=== Section Start ===
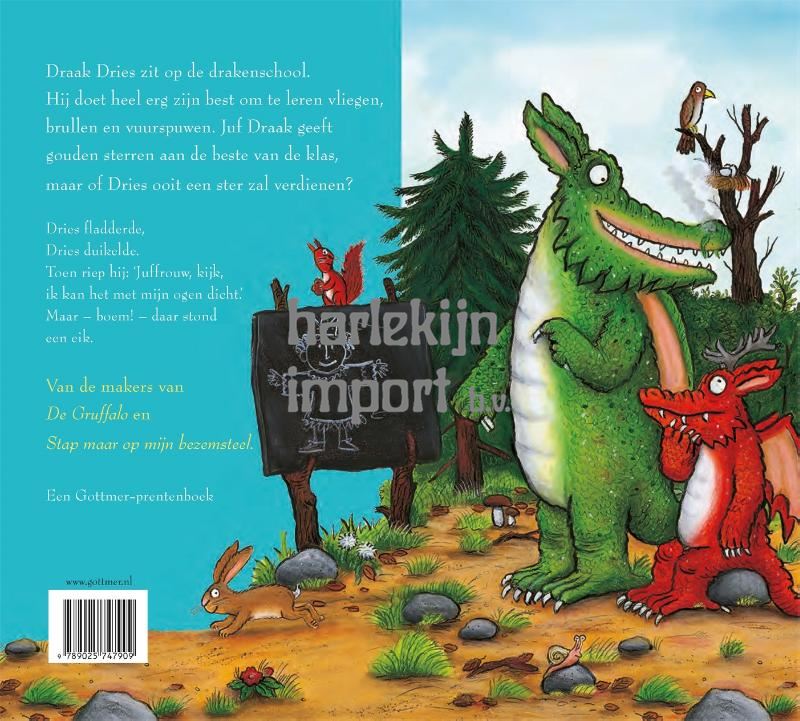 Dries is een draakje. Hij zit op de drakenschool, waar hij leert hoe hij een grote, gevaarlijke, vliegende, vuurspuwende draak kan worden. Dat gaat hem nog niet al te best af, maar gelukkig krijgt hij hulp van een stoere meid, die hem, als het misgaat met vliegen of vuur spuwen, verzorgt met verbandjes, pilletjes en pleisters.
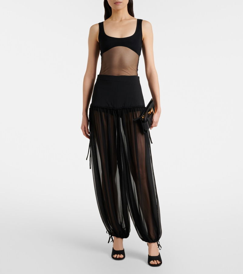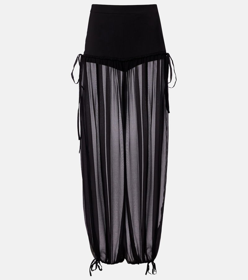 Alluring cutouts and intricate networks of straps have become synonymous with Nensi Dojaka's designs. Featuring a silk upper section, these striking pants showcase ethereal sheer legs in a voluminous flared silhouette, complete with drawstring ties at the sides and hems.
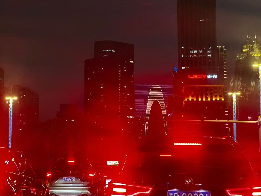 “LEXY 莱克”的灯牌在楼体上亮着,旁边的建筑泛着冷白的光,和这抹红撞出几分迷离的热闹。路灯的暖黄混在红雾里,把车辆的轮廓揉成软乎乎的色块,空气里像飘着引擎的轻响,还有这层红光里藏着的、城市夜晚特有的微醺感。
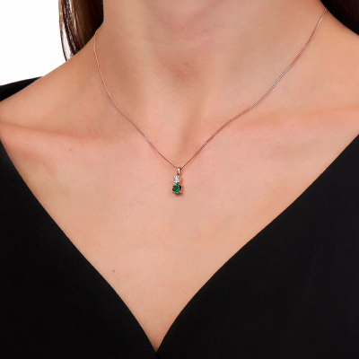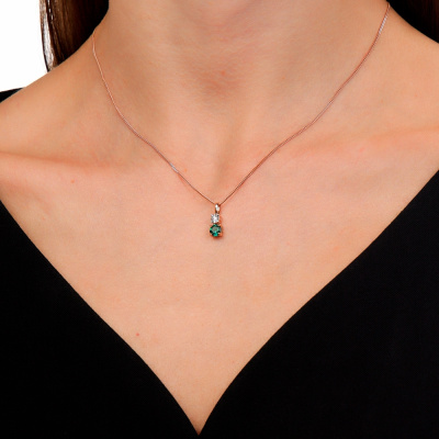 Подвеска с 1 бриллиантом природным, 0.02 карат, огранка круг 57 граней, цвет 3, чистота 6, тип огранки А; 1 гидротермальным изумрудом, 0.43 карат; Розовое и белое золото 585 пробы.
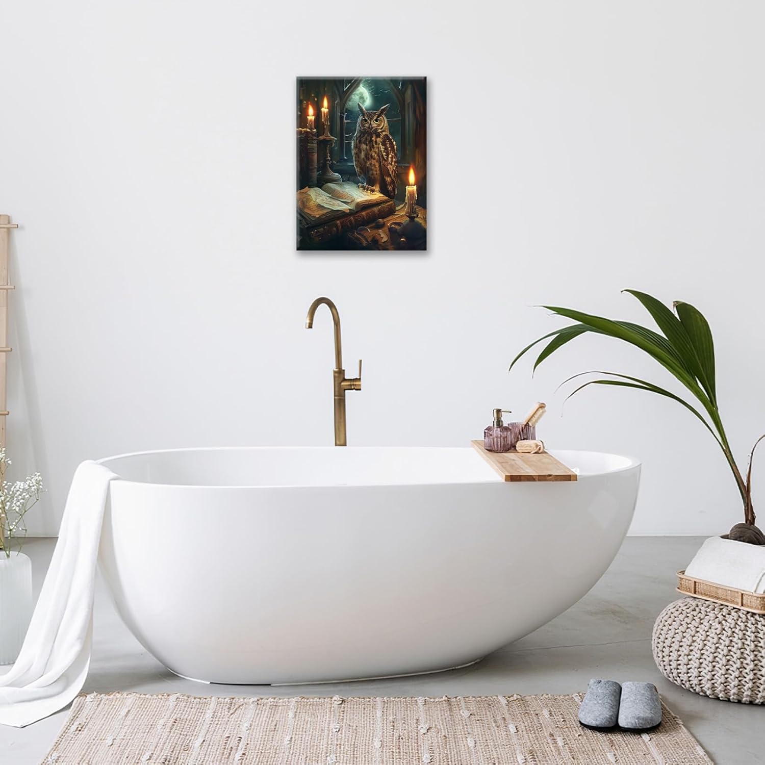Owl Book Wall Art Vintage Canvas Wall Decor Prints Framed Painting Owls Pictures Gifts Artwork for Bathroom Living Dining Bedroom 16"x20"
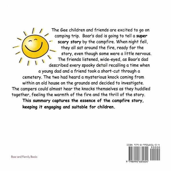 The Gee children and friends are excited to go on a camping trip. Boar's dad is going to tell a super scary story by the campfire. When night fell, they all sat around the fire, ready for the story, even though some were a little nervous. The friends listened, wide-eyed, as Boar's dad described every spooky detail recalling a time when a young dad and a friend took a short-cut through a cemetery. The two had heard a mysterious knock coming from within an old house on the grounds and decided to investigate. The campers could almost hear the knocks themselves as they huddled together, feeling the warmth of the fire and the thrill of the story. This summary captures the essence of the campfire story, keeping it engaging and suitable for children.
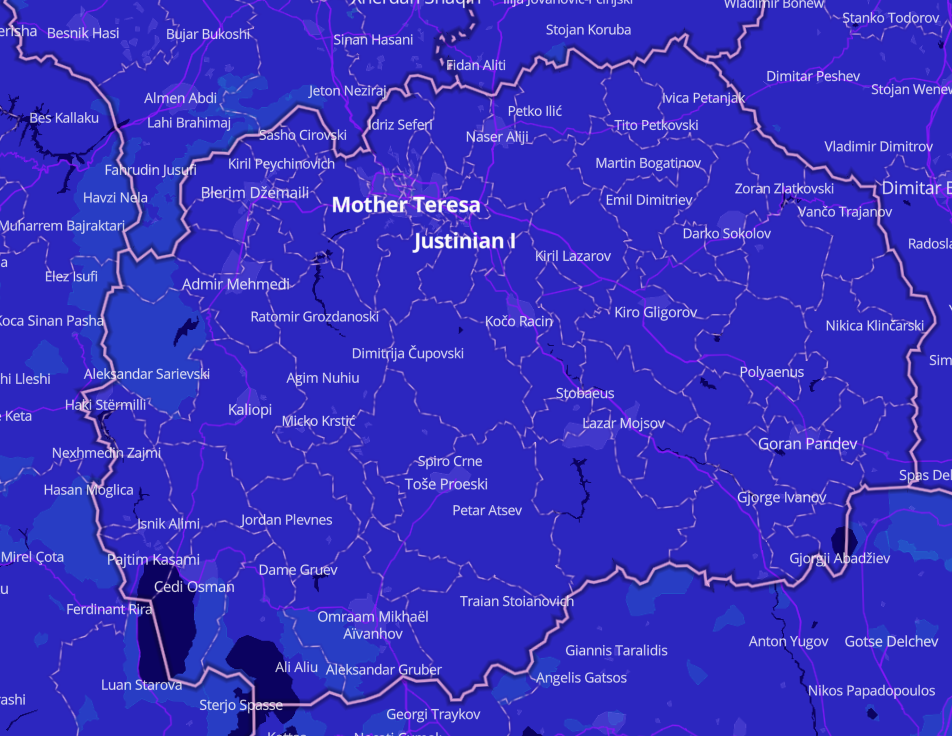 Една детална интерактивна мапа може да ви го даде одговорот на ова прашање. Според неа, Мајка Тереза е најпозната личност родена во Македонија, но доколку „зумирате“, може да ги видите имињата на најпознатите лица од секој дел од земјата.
=== Section End ===
EXERCISE DETAILS
Output each entry exactly. Skip the pictures.

OUTPUT OF THE TASK
 Dries is een draakje. Hij zit op de drakenschool, waar hij leert hoe hij een grote, gevaarlijke, vliegende, vuurspuwende draak kan worden. Dat gaat hem nog niet al te best af, maar gelukkig krijgt hij hulp van een stoere meid, die hem, als het misgaat met vliegen of vuur spuwen, verzorgt met verbandjes, pilletjes en pleisters.
 Alluring cutouts and intricate networks of straps have become synonymous with Nensi Dojaka's designs. Featuring a silk upper section, these striking pants showcase ethereal sheer legs in a voluminous flared silhouette, complete with drawstring ties at the sides and hems.
 “LEXY 莱克”的灯牌在楼体上亮着,旁边的建筑泛着冷白的光,和这抹红撞出几分迷离的热闹。路灯的暖黄混在红雾里,把车辆的轮廓揉成软乎乎的色块,空气里像飘着引擎的轻响,还有这层红光里藏着的、城市夜晚特有的微醺感。
 Подвеска с 1 бриллиантом природным, 0.02 карат, огранка круг 57 граней, цвет 3, чистота 6, тип огранки А; 1 гидротермальным изумрудом, 0.43 карат; Розовое и белое золото 585 пробы.
Owl Book Wall Art Vintage Canvas Wall Decor Prints Framed Painting Owls Pictures Gifts Artwork for Bathroom Living Dining Bedroom 16"x20"
 The Gee children and friends are excited to go on a camping trip. Boar's dad is going to tell a super scary story by the campfire. When night fell, they all sat around the fire, ready for the story, even though some were a little nervous. The friends listened, wide-eyed, as Boar's dad described every spooky detail recalling a time when a young dad and a friend took a short-cut through a cemetery. The two had heard a mysterious knock coming from within an old house on the grounds and decided to investigate. The campers could almost hear the knocks themselves as they huddled together, feeling the warmth of the fire and the thrill of the story. This summary captures the essence of the campfire story, keeping it engaging and suitable for children.
 Една детална интерактивна мапа може да ви го даде одговорот на ова прашање. Според неа, Мајка Тереза е најпозната личност родена во Македонија, но доколку „зумирате“, може да ги видите имињата на најпознатите лица од секој дел од земјата.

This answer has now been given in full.